Chaperone sind Proteine, die ungefaltete Proteine, insbesondere Polypeptidketten die das Ribosom gerade verlassen, erkennen und ihnen bei der korrekten Faltung behilflich sind (Bukau et al. 2006, Liberek et al. 2008, Hartl et al. 2011). Einige Chaperone sind zylindrisch aufgebaut und stellen für die Faltung ein zentrales Kompartiment zur Verfügung. Auf diese Weise kann sich die Polypeptidkette getrennt von anderen Proteinen oder bereits vorhandenen Aggregaten falten (Hartl et al. 2011, Kim et al. 2013). Bereits aggregierte und falsch gefaltete Proteine können mithilfe von Chaperonen gerettet werden, indem sie entfaltet werden und erneut in den korrekten Faltungszustand überführt werden (Bukau et al. 2006, Liberek et al. 2008).
Proteinaggregate oder falsch gefaltete Proteine, die nicht mehr durch Chaperone gerettet werden können, werden durch Proteasen vollständig abgebaut (Wickner et al. 1999, Bukau et al. 2006).
Die dabei entstehenden Aminosäuren werden bei der Neusynthese von Proteinen recycelt.

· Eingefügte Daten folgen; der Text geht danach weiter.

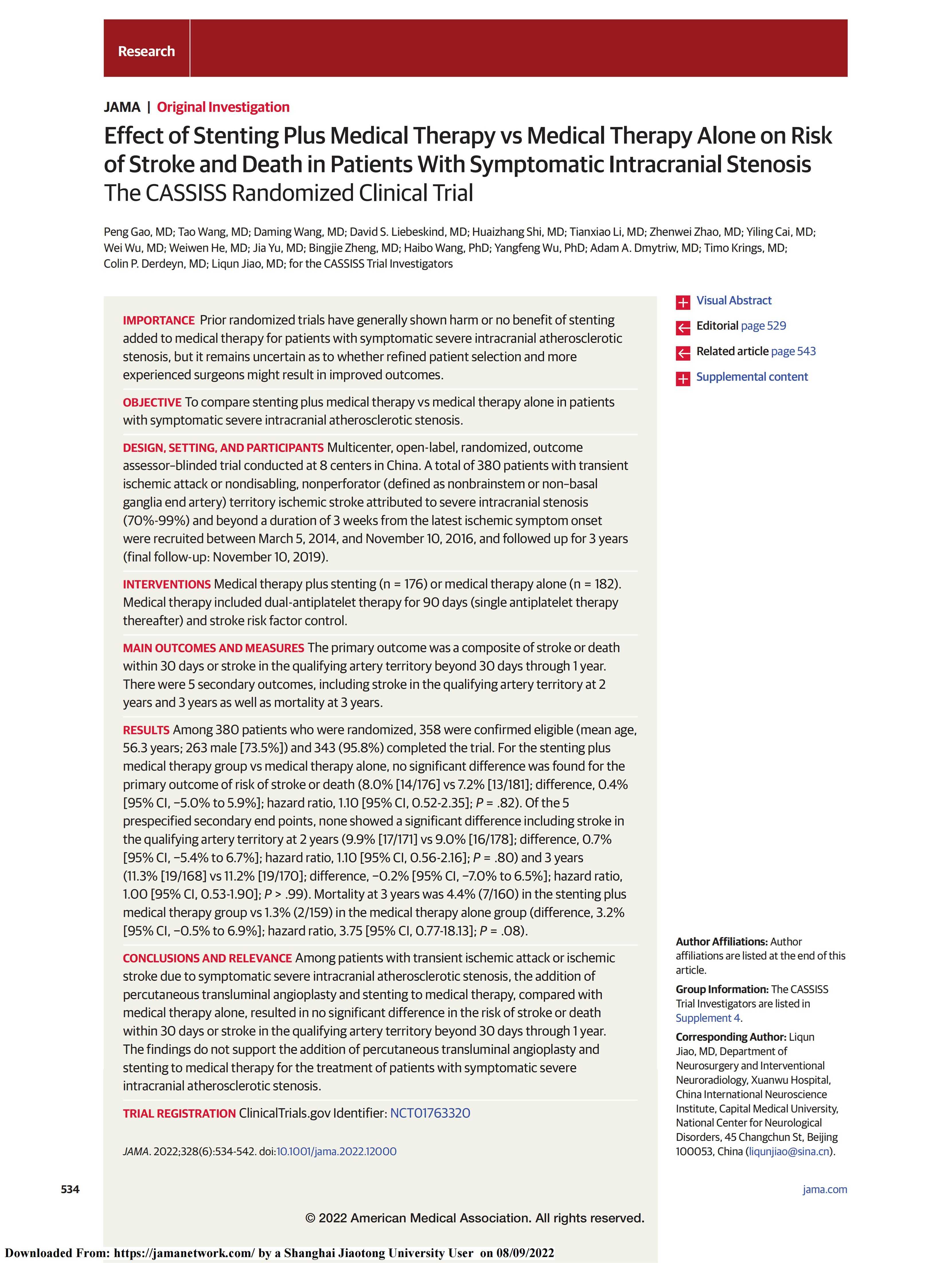 中国神经介入领域第一个关于颅内动脉粥样硬化狭窄介入治疗与药物治疗对比的多中心随机对照试验。共8家三甲医院参与,纳入380例症状性颅内动脉粥样硬化狭窄的患 者,随机按1:1分为介入治疗组和药物治疗组。所有患者均需在基线、入组后第1天、7天、30天、4个月、12个月、24个月和36个月行血管超声、脑血管造影、脑组织灌 注、脑组织和脑血管检查,共采集影像数据2400余例,数十万帧影像资料,分别归类整理,存储和判读。
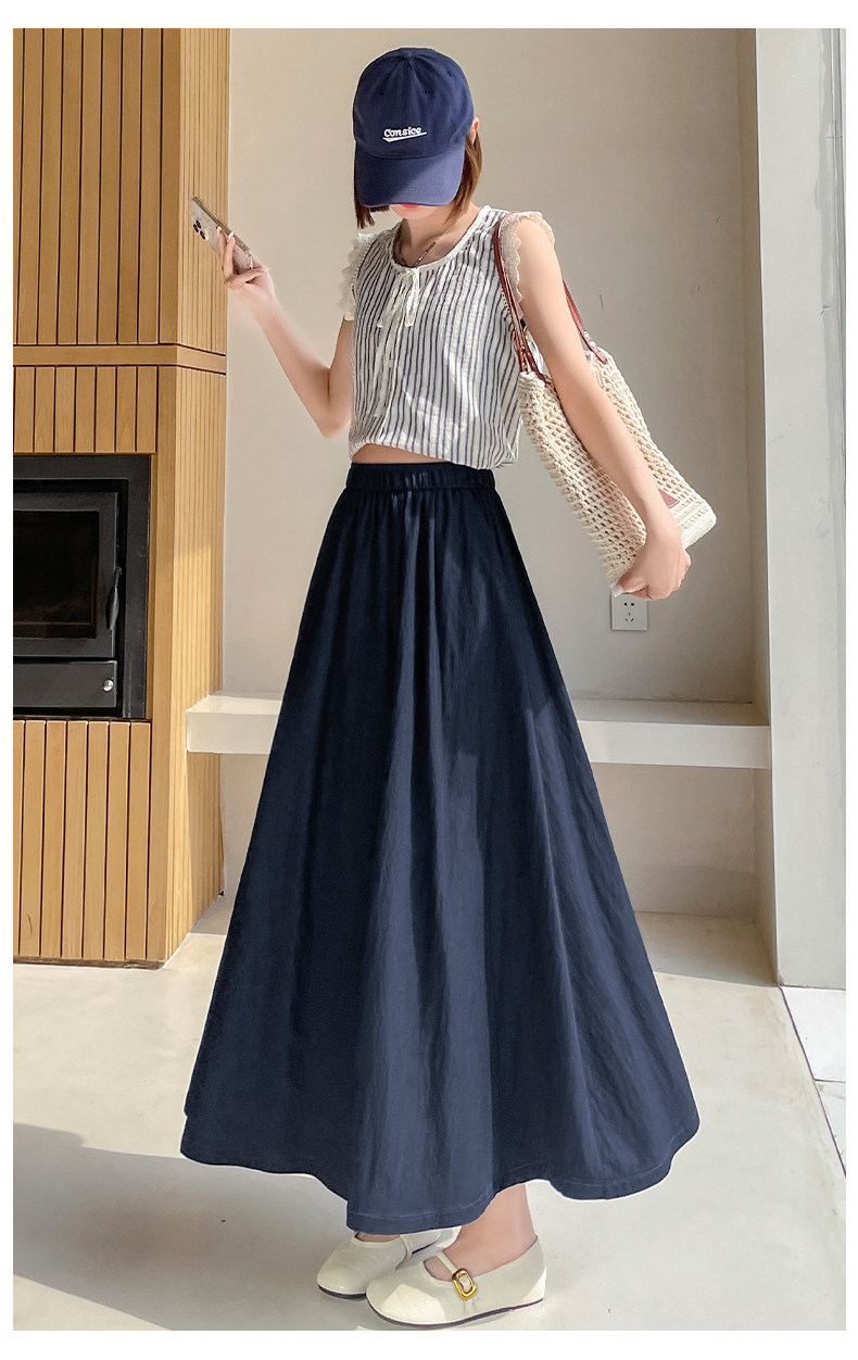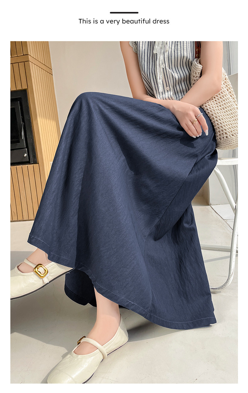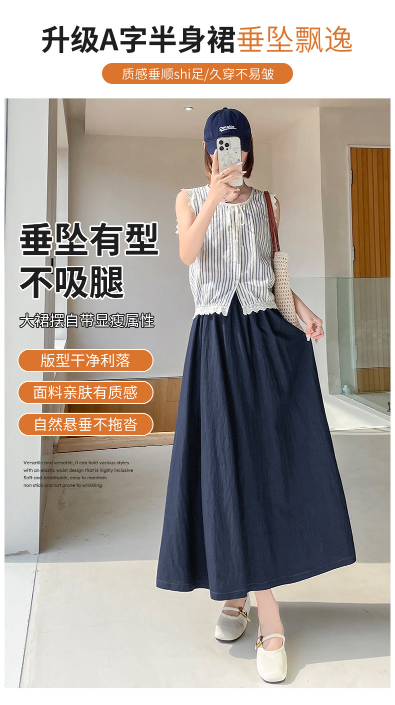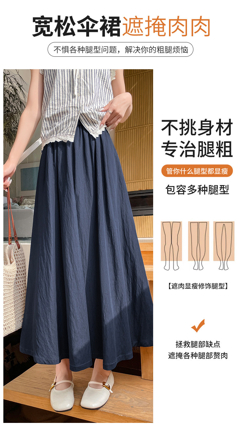 拉夏貝爾藏青色冰絲半身裙女夏薄款高腰顯瘦傘裙a字中長款山本裙
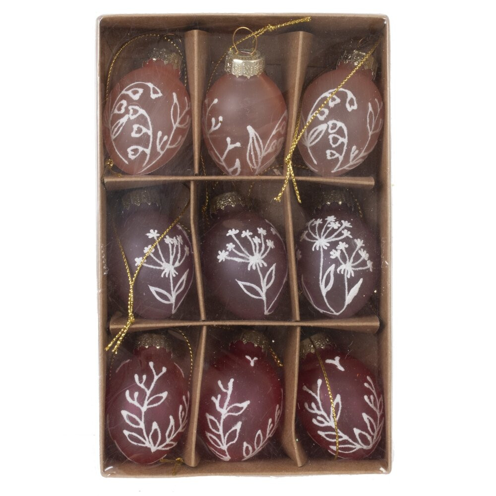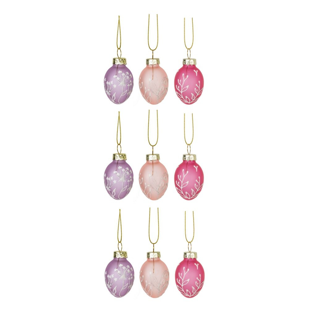 Набор из 9-ти декоративных подвесных изделий «Яйцо пасхальное» станет изящным украшением к светлому празднику Пасхи. Стеклянные яйца нежных розовых и сиреневых оттенков оформлены тонким белым растительным орнаментом, придающим композиции легкость и праздничность. Каждое яйцо оснащено золотистой подвесной нитью и металлической декоративной коронкой, что позволяет легко разместить их на пасхальном деревце, веточках, окне, люстре или в настольной композиции. Набор гармонично сочетается с текстильным и бумажным декором, подходит для оформления дома, кафе, витрин и создания уютной атмосферы весеннего торжества. Стекло не тускнеет со временем, изделия можно использовать многократно из года в год.
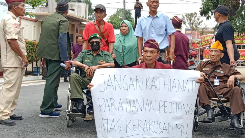 Dalam aksinya para lansia yang merupakan para pejuang yang sudah berjasa kepada dalam merebut kemerdekaan dan berjasa dalam merebut kemerdekaan mengingatkan kepada pemangku kebijakan “Jangan Kau Khianati Para Pejuang Atas Kerakusan”.
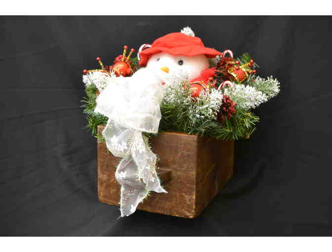A large holiday centerpiece featuring a tan bear inside of a wooden box; Designed by Beverly Dantos.
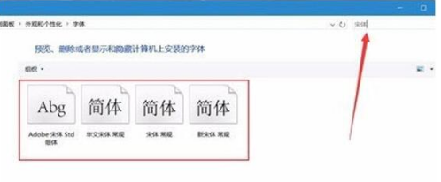 2、在打开的窗口中搜索“宋体”,为了保险起见,把显示的4个字体文件都选中,然后按Ctrl+C复制,粘贴到桌面上;

Manche Enzyme besitzen sowohl Chaperon- als auch Proteaseaktivität, wie für einige Mitglieder der Serinproteasen-Familie der Deg-Proteasen gezeigt wurde (Spiess et al. 1999, Clausen et al. 2002). Die primäre Abbaumaschinerie für Proteine in Eukaryoten ist das ATP-abhängige 26S-Proteasom, ein hoch konserviertes Oligomer aus Threoninproteasen (DeMartino et al. 1996, Glickman und Ciechanover 2002). Proteine, die für den proteasomalen Abbau bestimmt sind, werden durch Ubiquitinierung markiert indem mehrere Ubiquitin-Proteine an das abzubauende Protein angehängt werden. Eine regulatorische Untereinheit des 26S-Proteasoms erkennt aufgrund der Ubiquitinierung das abzubauende Protein und entfaltet das Protein unter Verbrauch von ATP. Die entfaltete Polypeptidkette wird ins Proteasom geführt und zu Oligopeptiden abgebaut (Glickman und Ciechanover 2002, Vierstra 2003). Neben der Beseitigung von falsch gefalteten Proteinen, die z.B. durch zellulären Stress entstanden sind, ist der proteasomale Abbauweg auch für die Regulation der Transkription, die Zelldifferenzierung, die Hormonantwort, die Stoffwechselregulation, die Pathogenabwehr und die Seneszenz zuständig sowie am Zelltod beteiligt (Hellmann und Estelle 2002, Yang und Yu 2003, Smalle und Vierstra 2004). Bakterien und eukaryotische Organellen, die durch Endosymbiose entstanden sind wie Mitochondrien und Chloroplasten, besitzen keinen proteosomalen Abbauweg (Gottesman 2003), überflüssige Proteine werden durch ATP-abhängige Proteasen wie Clp-, Lon- und FtsH-Proteasekomplexe oder durch ATP-unabhängige Proteasen wie Deg-Proteasen abgebaut (Gottesman 2003, Jarvis und Robinson 2004, Adam et al. 2006, Huesgen et al. 2006, Baker und Haynes 2011).